GEO
Every Brand That Won AI Search Tested Their Way There

Dollar Shave Club spent $4,500 on a launch video in 2012. Not $4.5 million. Not a six-month brand campaign with a media agency. A single video, shot in a day, uploaded to YouTube and pushed through Facebook. It acquired 12,000 customers in 48 hours (Optimonk, 2022). Four years later, Unilever bought the company for $1 billion in cash.

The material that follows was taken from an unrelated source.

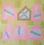 62 – 65: KATARINA BALUNOVA – “The main themes in my work are city, urbanism and architecture, conflict between nature and civilization, searching for a home. I am often inspired by the city and the urban environment, which I see not only as a defined physical space, but also as a psychological projection. The city is a man-made object that goes beyond the individuals’ experience of a building, street, or district. I try to find a new perception to invisible layers of nowadays cities. It is possible to read various stories inside; I try not to represent reality, but to give the city structure a symbolic form that bears different meanings in its simplicity. The buildings are not just objects, but artefacts with meaning, or signs dispersed across some larger social text. The architecture has the capacity to articulate in a very specific way the contradictions and ambiguities that modern life confronts us with. In my artworks I use it in a symbolic way to express our existential situation. The structure of cities of nowadays is subject to a strict geometry and it is in perennial expansion. We can see the constant changes in the urban form, pattern and structure. The geometric pattern is a typical feature presents in industrial society. Geometry is a key element to understand social and industrial development in the modern landscape. The use of geometric shapes and structures is becoming the testimony of the industrial society marked by an existential crisis. We can also see the internal and external conflicts between nature and civilization, the fragile balance of survival. Quickly expanding cities absorb the surrounding countryside, creating a new environment not only for people but also for plants and animals that try to adapt. It is a continuous search for home, the place to live. House is a typical feature in my works as a symbol of dwelling. The feeling of being protected and of seeking a protective casing is fundamental in human being, so dwelling becomes on one hand a shelter giving peace, while on the other hand it is something that can stop movement, a kind of sentimental cage. So the house can represent a city-house, a family house and a cage-house”.- www.katarinabalunova.com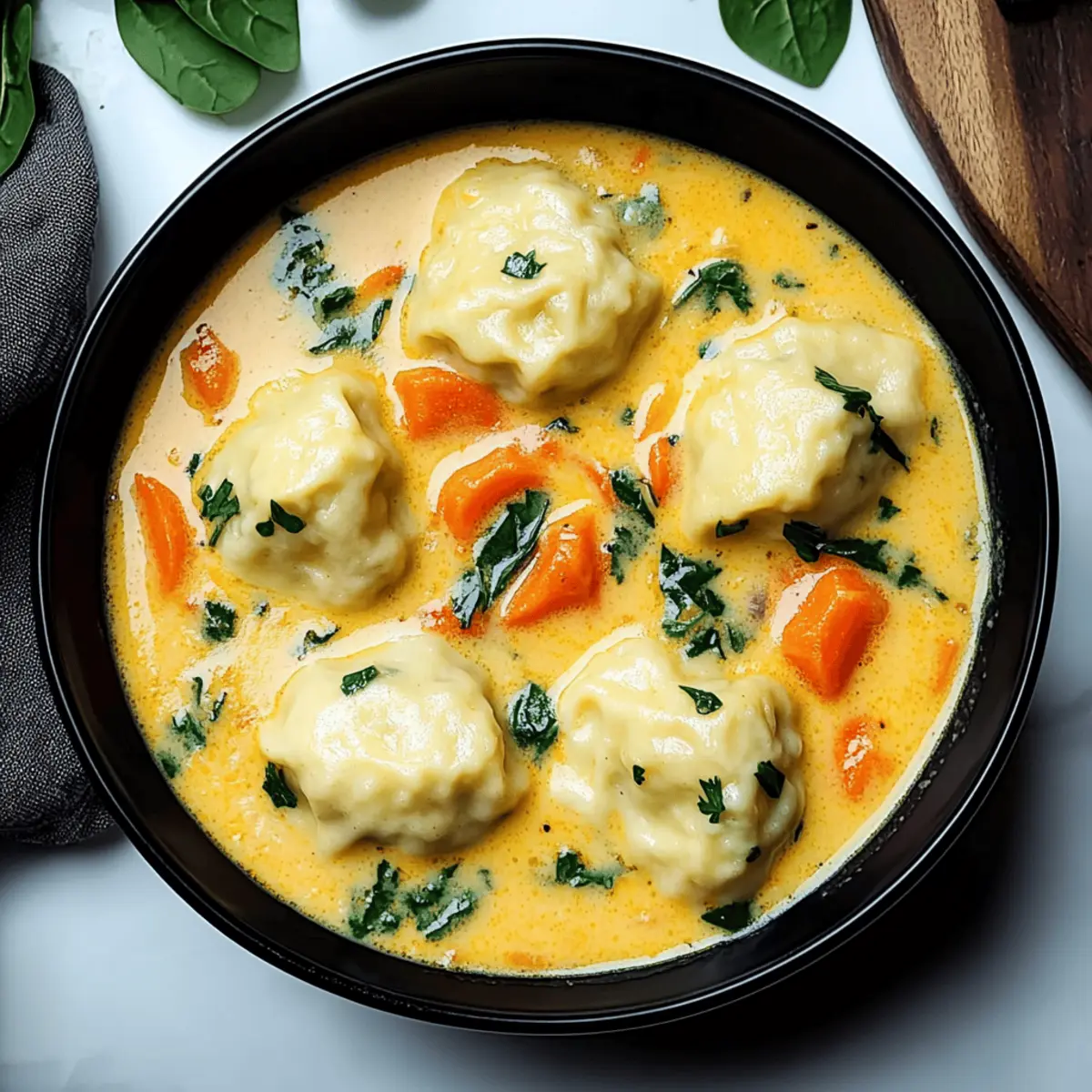 Absolutely! For this Coconut Curry Soup with Dumplings, look for fresh and vibrant vegetables. Carrots should be bright orange and firm, without dark spots. Potatoes should feel heavy for their size and be free of green patches or sprouting. Spinach should have deep green, crisp leaves. Avoid veggies with wrinkled skin or soft spots; go for freshness to ensure the best flavor!

Gymshark started the same year with a different test. Instead of one viral video, Ben Francis ran dozens of small influencer collaborations on Facebook and Instagram, measured which ones drove traffic, killed the losers, and doubled the budget on the winners. No brand playbook. No creative agency. Just rapid iteration on a new platform nobody had figured out yet. Gymshark hit a $1 billion valuation without ever running a traditional advertising campaign (TrendTrack, 2026).
Warby Parker did the same thing in 2010 with Facebook ads for its home try-on program. Small budgets, fast tests, constant measurement. By the time legacy eyewear companies started buying Facebook ads, Warby Parker had already tested hundreds of creative variations and built a $3 billion brand on the learnings.
These three brands had something in common: they treated a new channel as a testing laboratory, not a broadcast medium.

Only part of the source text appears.